Some other issues I've noticed. One, even though water doesn't feel too cold/cool, sometimes it's hard to tell w/o using an actual thermometer. When using a thermometer, w/o extra heating from lights the tank water temp will usually be around two degrees cooler than the air temp. Two, positioning of the tank also affects how well you can get away w/o a heater. IE., upstairs or downstairs; in front of, or below a window; next to a door, against an exterior wall vs., interior. My 29g tank that sits against a floor to ceiling window definitely stays cooler. Fortunately, "I'm smarter than the average bear, Boo Boo", and this is my cool water fish tank, WCMMs, Danios, etc., etc.

Third, if you allow the temps to fall much below 72F, I've found that it can really slow down - or stop - the growth rate of many plants. 

I have experimented running some natural tanks w/ very minimal equipment, including no heat in winter. The plants did okay even in a 10g gallon upstairs, where the tank is more sheltered from drafts, and the light heated it enough in the daytime. Daytime temp was 72F, night would fall to 70F. I did edit my plant selections to those which tolerated cooler temps - meaning, would not die on me, and would not go dormant. The same plant selection could not cope downstairs next to the large window, and w/o heating from lights. The heat in my home is set to the same temp for both areas thru the winter - 72F, yet that tank (unheated) would barely reach 68F, not even 70F. Just saying, besides tanks size, location will also matter.


----------



## lauraleellbp (Feb 3, 2008)

Church, I'm running heaters on my tanks now for the first time in a decade. I didn't run heaters on my tanks when I lived in Texas, either.
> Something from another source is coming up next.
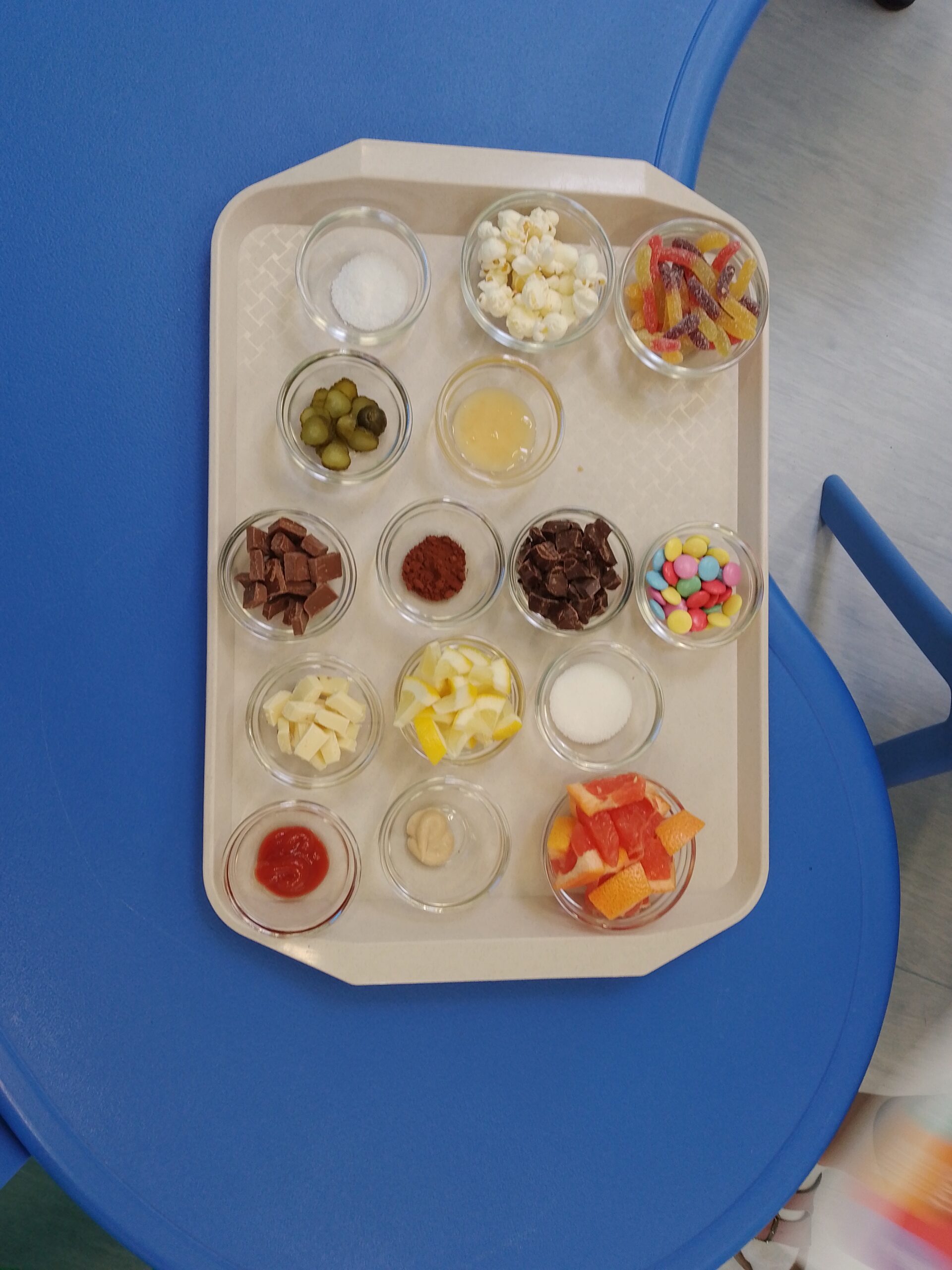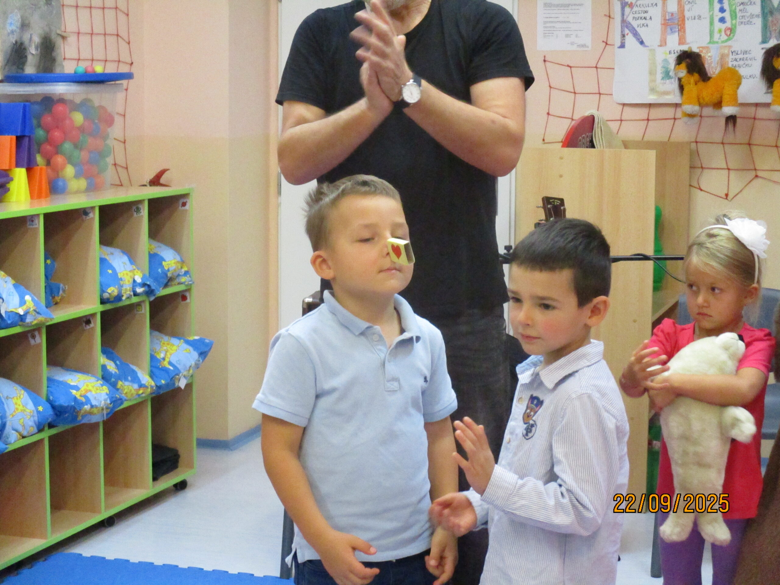 Básnička, která nás provázela celým týdnem poznávání smyslů. Abychom si procvičili sluch, poznávaly jsme různé zvuky, které se v našem okolí nachází. Na chuť jsme si připravili ochutnávku, která nám pomohla s rozpoznáním sladké, slané, hořké a kyselé chuti. K procvičení zraku jsme vyzkoušeli test zrakové ostrosti a oko jsme si následně i vyrobili. Nakonec jsme podle hmatu poznávali různé předměty a učili jsme se jednoduchým způsobem zacházet s nůžkami.

I did have an ich flareup once, but that was my own fault b/c I hadn't QT some new fish I got a month or so before a cold front moved through.

Only reason I am using heaters now is just b/c I've got canister filters on all my tanks and I can run Hydors inline, and I've started to get a taste for more expensive fish than I used to keep; so I'm just taking a little extra precaution.

I've got them all plugged in but I rarely ever notice them come on. Occasionally the heater light comes on my 90gal, since I"m keeping that tank at 80F for the GBRs.

I think you could be very successful without using any heater if you don't want to. Just be careful to turn on your home heater if you get a cold snap.


----------



## davemonkey (Sep 21, 2008)

I don't use a heater at all and my temp is always in the mid-70's. During winter I use a glass cover on the tank (it holds in heat from the lights) when I know I'll be away and it'll get cold. In the summer I take the glass cover off.

I think Hoppy has a good point. Bodies of water are not constant in temperature. They fluccuate from day/night and winter/summer. No point in going out of your way to keep the temp constant in a planted tank.

-Dave

Side note: when I say no point in keeping the temp constant, refering to no need in buying a heater, I mean for areas that do not get very cold. If your aquarium water is dipping into the 50's, you may have problems (with your tropical fish).


----------